Obsolete talk:Querybane

Rendered with Parsoid
From Wikitech

Experts opinion

Apparently, a query killer application/script should not exist in the production environment.

There are several, quite obvious, reasons:

a) in most cases, operating system performance/resource scheduling, database server configuration, database design, data access path (missing or not engaged indexes) are the root-cause of query slowness.

b) in many cases it is impossible to determine the level of importance of a particular "select" statement in a large scale system. Frequently the execution results of select statement are used in "where" clause of update/delete statements, or in insert statements, there is no guarantee the application requested the data processes empty record sets correctly, this might cause data loss/corruption.

c) in general, heavy load of database server should not be considered a problem if the system is scalable.

d) long running, especially "unusually" long running queries should not exist in any database, including MySQL, such queries should be detected/rewritten/optimized in the early stages of development.

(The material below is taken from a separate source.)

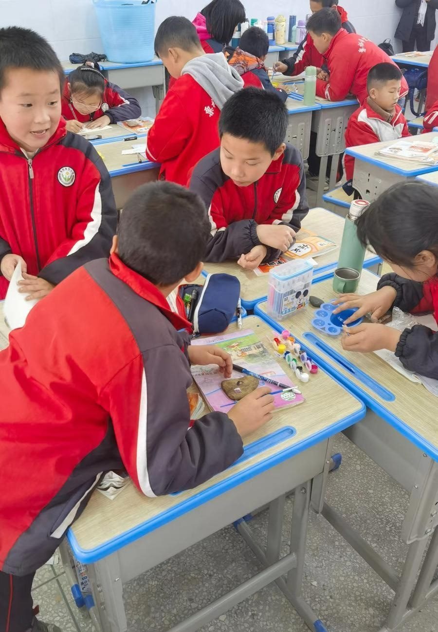 美術(shù)課上,李柏霖讓孩子們?cè)谑^上作畫(huà)

a) not in our case, b) not in our case, c) we don't have infinite money, d) in some systems (e.g. ours), it's easier to write a query killer to temporarily fix performance problems due to unexpected long-running queries than to find and fix the cause of said queries. The running time and impact of a given query depends on many things, such as available buffer space and the properties of the queries running concurrently. These things are impossible to profile accurately in the early stages of development. Post-deployment optimisation or simply increasing hardware capacity can remove the need for query killing, but it remains a useful stopgap, especially for sites such as Wikimedia which are in continuous development. -- Tim 07:30, 29 March 2006 (PST)
Sorry, that's contrary to our objectives:
  • Our core objective is donation-based cost-effective performance delivery, not perfect performance delivery. That means we do not build out to the 10 to 100 times load capacity that it takes to respond well to extreme temporary load, nor to all denial of service conditions. If we were a business with sales depending on consistent fast performance the cost-benefit situation would differ significantly.
  • We can determine the importance of a query. We have a largely single-application system and can and do work out what's significant when deciding what we can safely eliminate, degrading less important activities first.
  • The core of the application is extremely well tuned. Demand for it isn't and has historically always grown to use all offered performance. Querybane is a tool that can shed extreme load when the push-pull of demand and supply is temporarily out of step. It resulted in major improvement in service and overload availability.
  • Querybane allows us to accept possibly problematic queries at all times and reject them only when the instantaneous system load makes them unacceptable. That increases service availability and equipment utilisation level, without unacceptable performance degradation for the core features.
It's definitely not the traditional or perfect bank design, deployment and growth philosophy! It is a pretty typical Web 2.0 design and grow-out approach. Don't do it this way if you're a major bank with the resources to get maximum load provisioning on day one and a two year before first release development schedule. Tim and I are experts also - the best solution depends on the application and its context. It's not always perfect reliability. Jamesday 02:59, 20 July 2006 (PDT)